PROVIDED ENTRIES Block Start

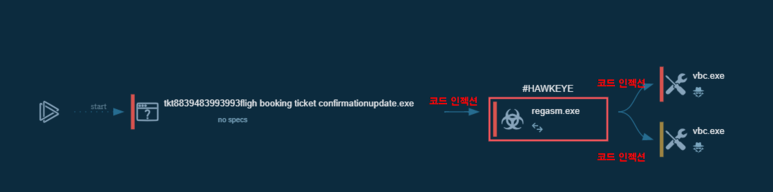 샌드박스가 최초로 실행한 booking.exe는 regasm.exe를 자식 프로세스로 실행합니다. regasm.exe는 윈도우에 존재하는 프로세스이지만 애니런 샌드박스는 HAWKEYE라고 탐지했습니다. 즉, 정상적인 regasm.exe프로세스에 악성코드를 인젝션한 것입니다.
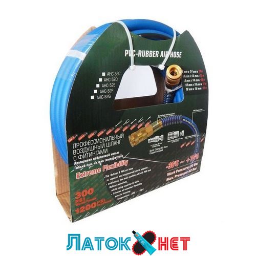Шланг повітряний гумовий армований із фітингами 8 х 14 мм х 15 м RF-AHC-52D Rock Force
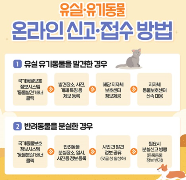 유실 동물 신고: 반려동물을 잃어버렸을 경우 빠르게 신고하고, 구조 동물 정보를 확인할 수 있습니다.
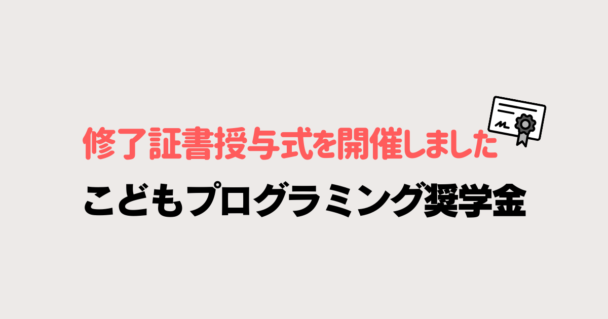 先日開催いたしました「修了証書授与式」をもって、今年度の活動を無事に終了いたしました。皆様のご寄付のおかげで、子どもたちはプログラミングを始めることができ、はじめての世界や一歩進んだプログラミングの世界に「挑戦する機会」を手にすることができました。活動を支えてくださった皆様へ、深く感謝申し上げます。今後とも、子どもたちの新たな挑戦を温かく見守っていただければ幸いです。
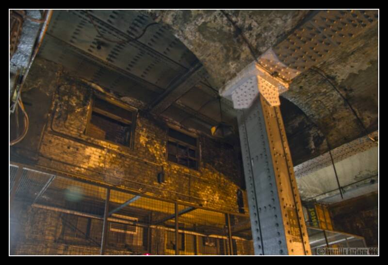 I was mainly interested in the old posters left behind from another era, so while Kev got busy downstairs, I got busy upstairs. This could have been just a walk through area, or a ticket office or a backroom office. However between the regular brick wall and the A/C fans, a passage leads off to the underpass (via an alarmed door). The underpass was the original entrance to the station.
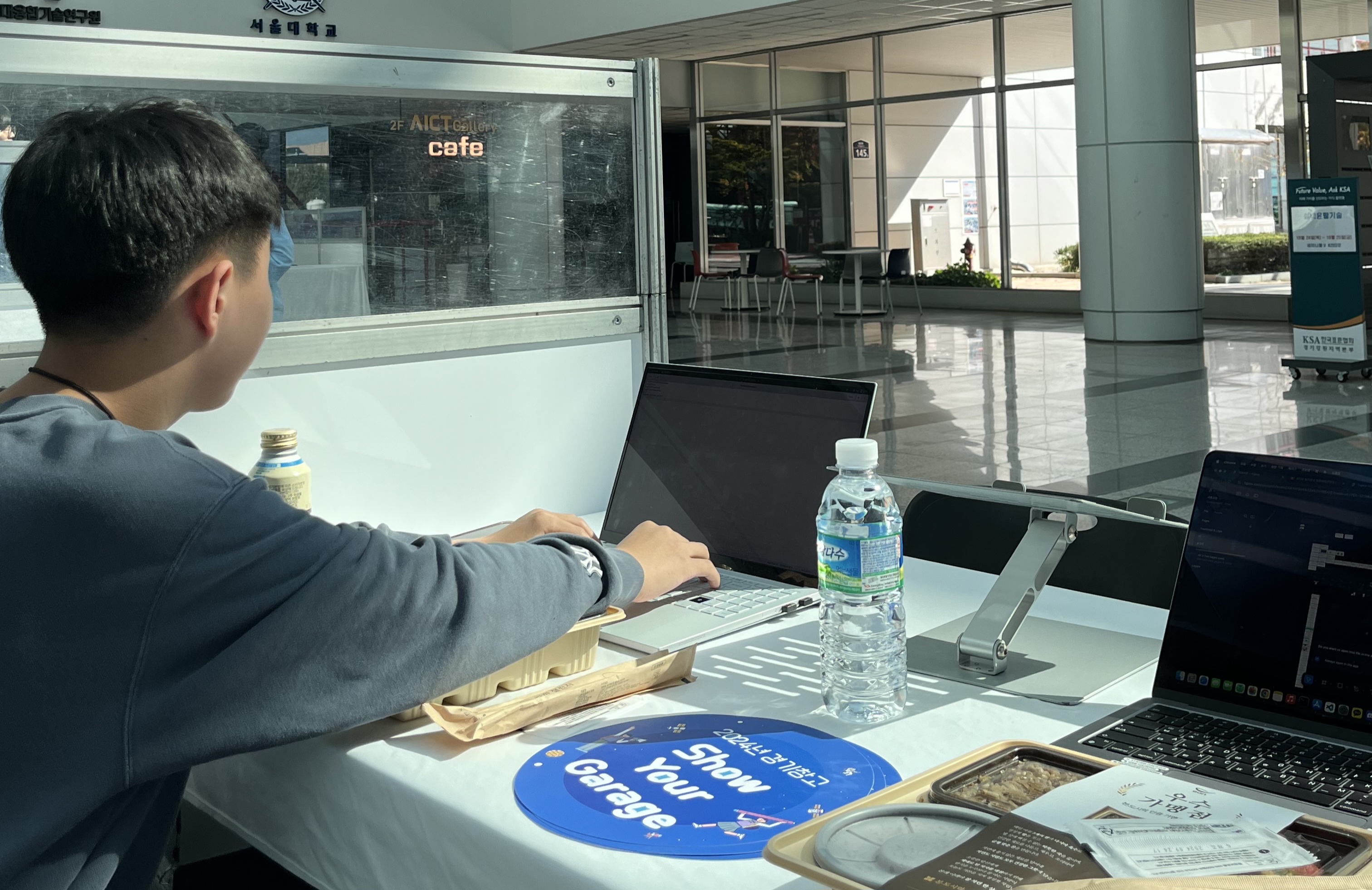 결선 행사 또한 융기원에서 오전 10:30에 진행했습니다. 10분 정도 OT를 진행한 후, 약 2시간 30분(점심시간 포함)동안 결선 부스를 준비하는 시간이 주어졌습니다. 저희 팀은 해당 시간에 파이널 테스트를 진행하고, 버그를 고쳤습니다. 또한, 결선 행사장에서는 발표를 위한 물품이 따로 제공되지 않았습니다. 시연에 사용한 노트북 2대, 휴대폰 1대를 사전에 지참하였습니다.
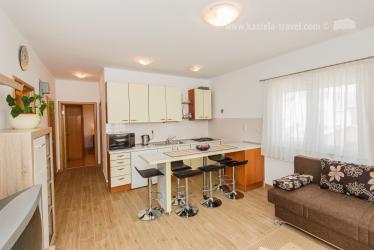 Kućca se nalazi u KAštel Novom, 500 od šljunčane plaže Gabine. Apartman se nalazi na prvom katu obiteljske kuće, sastoji se od dvije spavaće sobe, kupatila i dnevnog boravka. Ima balkon a gostima je na raspolaganju i vanjski gril.
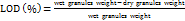 LOD was used to determine the percentage of water contained in the granules by weighing the granules before and after the drying process. LOD was calculated using Equation (3):
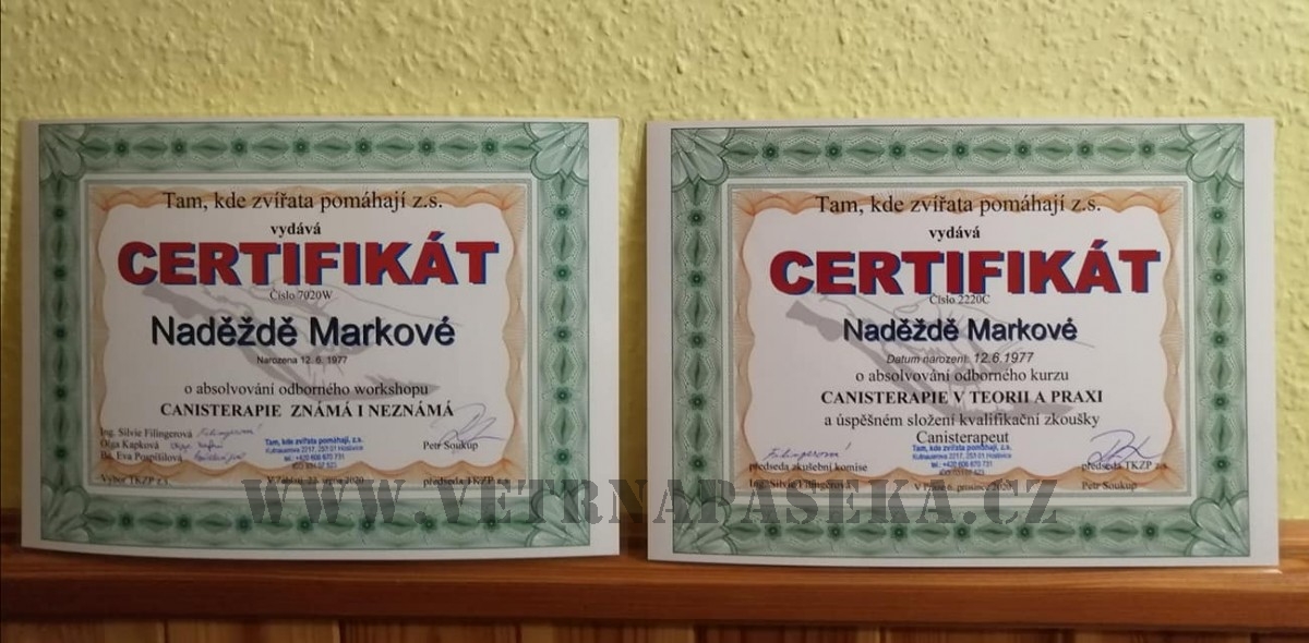 Můj velký sen bylo stát se canisterapeutem a složit s Nerem z Větrné paseky canisterapeutické zkoušky. Vybrala jsem si spolek - TAM, KDE ZVÍŘATA POMÁHAJÍ a tím to vše začalo. Nejdříve jsem u tohoto spolku absolvovala víkendový seminář VÝCHOVA A POSLUŠNOST PSA. Nero se po tomto semináři jevil, že by mohl canisterapeutickou zkoušku udělat. Já jsem se chtěla ještě více o canisterapii dozvědět a tak jsem ještě absolvovala týdenní WORKSHOP v srpnu, opět pod vedením uvedeného spolku. Teď jsme již byli oba na zkoušky připraveni a nic nebránilo tomu se na kurz canisterapie přihlásit. A jak to celé dopadlo? Oba jsme zkoušku úspěšně složili. Teď nás oba čeká tuto krásnou práci vykonávat co nejzodpovědněji, jak to jen půjde. Canisterapii budu vykonávat v Integrovaném centru pro osoby se zdravotním postižením. Tím chci poděkovat všem, kteří mě podpořili, zejména rodině a zaměstnavateli.
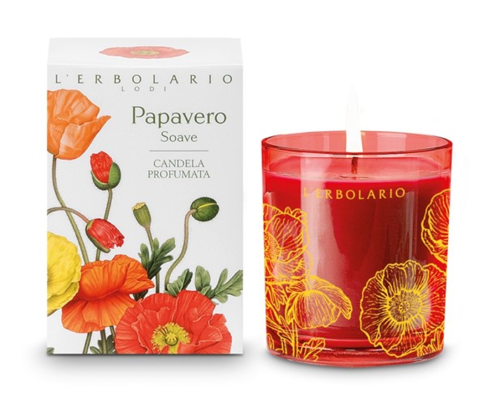 Ricorda un campo fiorito in primavera la candela Papavero de L’Erbolario la cui profumazione è delicata e dolce.
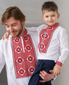 Enjoy the fresh and rich look of the red and black color combination, most iconic Ukrainian embroidery. Create a stunning family look with matching men's, ladies', boy's and girl's vyshyvanky.
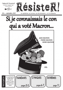 RésisteR #51 – Si je connaissais le con qui a voté Macron… Date : septembre 2017 Collectif : RésisteR Thématiques : Antifascismes, Santé et soins, Travail, Vie politique locale Zone géographique : Nancy Support : Journal et fanzine Nom de média : RésisteR
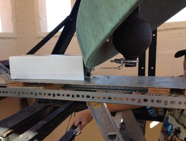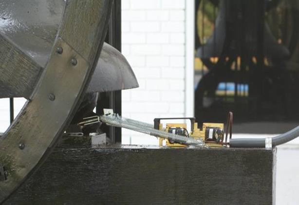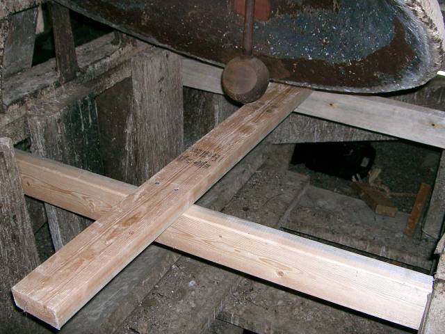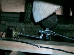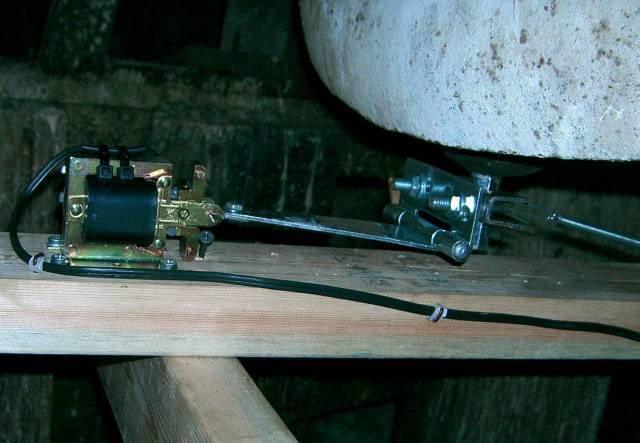 to the cap nut at the top of the cradle but then up to the top rear of the metal bell mounting frame. The solenoid is mounted to an added wooden subframe that

PROVIDED ENTRIES Block End

> **EXERCISE**
Give back the entries verbatim but drop every picture.

> **RESPONSE BELOW**
 샌드박스가 최초로 실행한 booking.exe는 regasm.exe를 자식 프로세스로 실행합니다. regasm.exe는 윈도우에 존재하는 프로세스이지만 애니런 샌드박스는 HAWKEYE라고 탐지했습니다. 즉, 정상적인 regasm.exe프로세스에 악성코드를 인젝션한 것입니다.
Шланг повітряний гумовий армований із фітингами 8 х 14 мм х 15 м RF-AHC-52D Rock Force
 유실 동물 신고: 반려동물을 잃어버렸을 경우 빠르게 신고하고, 구조 동물 정보를 확인할 수 있습니다.
 先日開催いたしました「修了証書授与式」をもって、今年度の活動を無事に終了いたしました。皆様のご寄付のおかげで、子どもたちはプログラミングを始めることができ、はじめての世界や一歩進んだプログラミングの世界に「挑戦する機会」を手にすることができました。活動を支えてくださった皆様へ、深く感謝申し上げます。今後とも、子どもたちの新たな挑戦を温かく見守っていただければ幸いです。
 I was mainly interested in the old posters left behind from another era, so while Kev got busy downstairs, I got busy upstairs. This could have been just a walk through area, or a ticket office or a backroom office. However between the regular brick wall and the A/C fans, a passage leads off to the underpass (via an alarmed door). The underpass was the original entrance to the station.
 결선 행사 또한 융기원에서 오전 10:30에 진행했습니다. 10분 정도 OT를 진행한 후, 약 2시간 30분(점심시간 포함)동안 결선 부스를 준비하는 시간이 주어졌습니다. 저희 팀은 해당 시간에 파이널 테스트를 진행하고, 버그를 고쳤습니다. 또한, 결선 행사장에서는 발표를 위한 물품이 따로 제공되지 않았습니다. 시연에 사용한 노트북 2대, 휴대폰 1대를 사전에 지참하였습니다.
 Kućca se nalazi u KAštel Novom, 500 od šljunčane plaže Gabine. Apartman se nalazi na prvom katu obiteljske kuće, sastoji se od dvije spavaće sobe, kupatila i dnevnog boravka. Ima balkon a gostima je na raspolaganju i vanjski gril.
 LOD was used to determine the percentage of water contained in the granules by weighing the granules before and after the drying process. LOD was calculated using Equation (3):
 Můj velký sen bylo stát se canisterapeutem a složit s Nerem z Větrné paseky canisterapeutické zkoušky. Vybrala jsem si spolek - TAM, KDE ZVÍŘATA POMÁHAJÍ a tím to vše začalo. Nejdříve jsem u tohoto spolku absolvovala víkendový seminář VÝCHOVA A POSLUŠNOST PSA. Nero se po tomto semináři jevil, že by mohl canisterapeutickou zkoušku udělat. Já jsem se chtěla ještě více o canisterapii dozvědět a tak jsem ještě absolvovala týdenní WORKSHOP v srpnu, opět pod vedením uvedeného spolku. Teď jsme již byli oba na zkoušky připraveni a nic nebránilo tomu se na kurz canisterapie přihlásit. A jak to celé dopadlo? Oba jsme zkoušku úspěšně složili. Teď nás oba čeká tuto krásnou práci vykonávat co nejzodpovědněji, jak to jen půjde. Canisterapii budu vykonávat v Integrovaném centru pro osoby se zdravotním postižením. Tím chci poděkovat všem, kteří mě podpořili, zejména rodině a zaměstnavateli.
 Ricorda un campo fiorito in primavera la candela Papavero de L’Erbolario la cui profumazione è delicata e dolce.
 Enjoy the fresh and rich look of the red and black color combination, most iconic Ukrainian embroidery. Create a stunning family look with matching men's, ladies', boy's and girl's vyshyvanky.
 RésisteR #51 – Si je connaissais le con qui a voté Macron… Date : septembre 2017 Collectif : RésisteR Thématiques : Antifascismes, Santé et soins, Travail, Vie politique locale Zone géographique : Nancy Support : Journal et fanzine Nom de média : RésisteR
 to the cap nut at the top of the cradle but then up to the top rear of the metal bell mounting frame. The solenoid is mounted to an added wooden subframe that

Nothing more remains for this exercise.